The extent of a trustee’s obligation to provide information to beneficiaries has been a continuing source of frustration for trustees, particularly those whose discretionary decisions may be challenged. Recently the Court of Appeal clarified the nature and extent of this obligation, and the beneficiary’s corresponding rights.
Ivan Erceg, the bankrupt brother of the late Michael Erceg (the owner of Independent Liquor), recently took his quest for disclosure of trust information to the Court of Appeal. He requested information relating to two trusts established by Michael Erceg, which were wound up in December 2010. No distribution had been made to Ivan. When Ivan was discharged from bankruptcy he requested that the trustees give him documents about the winding up of the trust and distribution of the assets. The trustees, in the unenviable position of having to decide whether to give a potential troublemaker ammunition, refused this disclosure. Ivan then applied to the court for orders demanding extensive information. The High Court refused his application, and the Court of Appeal upheld this result.
The Court of Appeal observed, amongst other things, that there is no presumption for or against disclosure of trust information. Each case will turn on its facts. However, it found the following factors should influence trustees’ decision-making when deciding what, if any, information should be disclosed to a beneficiary:
- Issues of personal or commercial confidentiality
- The nature of the beneficiary’s interest
- The competing interests of the beneficiary seeking disclosure, and those of the trustees and the other beneficiaries
- Whether disclosure can be in full
or in part (that is, in redacted form)
- Whether safeguards are required on the use of information (for example, agreements about confidentiality)
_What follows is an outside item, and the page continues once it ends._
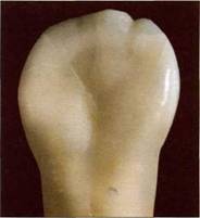 Рис. 97. Демонстрирует, как меняется форма коронки нижнего моляра при несоблюдении основных морфологических пропорций. Известно, что изменение формы коронки даже одного зуба приводит к нарушению функционального состояния как зуба, так и всей зубочелюстной системы. Это важно помнить при восстановлении формы зубов, зубных рядов Известно, что форма зуба содержит в себе достаточное количество информации. В норме форма коронки соответствует групповой принадлежности. Эмаль гладкая, без трещин и других деформаций. Опытный одонтолог, оценивая конфигурацию твердых тканей коронок, может предположить состояние здоровья пациента в период развития и формирования молочных и постоянных зубов. Такие заболевания, как гипоплазия, флюороз, гиперплазия зубов, нарушают структуру эмали, при этом изменяется форма коронок (рис. 98-106). ХАРАКТЕРИСТИКА ЗУБОЧЕЛЮСТНОЙ СИСТЕМЫ ПРИ ПРОВЕДЕНИИ ХУДОЖЕСТВЕННОЙ РЕСТАВРАЦИИ ЗУБОВ

- The effect of disclosure on family relationships and the relationship between the applicant and trustees, and
- The nature and the context of the application for disclosure.
Where the trust is large or significant decisions are to be made, it may be wise for trustees to get independent advice about disclosure. Often agreement can be reached between the beneficiary and the trustee about appointing an independent person to consider the information that is to be disclosed. Trustees may also apply to the High Court for directions. However, there can be significant cost in doing this, so it should usually be a last resort.
Beneficiaries’ rights to trust information have become so important that the Law Commission’s proposed new Trusts Act addresses the issue. The proposed legislation will create a presumption of disclosure to ‘qualifying beneficiaries’, who include any beneficiary who the trustees believe the settlor intended to have a realistic possibility of receiving trust property. Trustees will be required to notify such beneficiaries that they are beneficiaries of the trust, and the proposed Act creates a presumption in favour of disclosure. The list of factors the trustees must consider when deciding whether, and to what extent, to disclose information is very similar to that laid out by the Court of Appeal in Erceg v Erceg.
The Supreme Court has granted leave for the Erceg case to be appealed. However, depending on when a new Trusts Act is passed, the effect of the Supreme Court decision may be short-lived.
The issue of beneficiaries’ rights in relation to trust property is controversial. If trustees are uncertain about what they should disclose to beneficiaries, it would be wise to seek professional advice.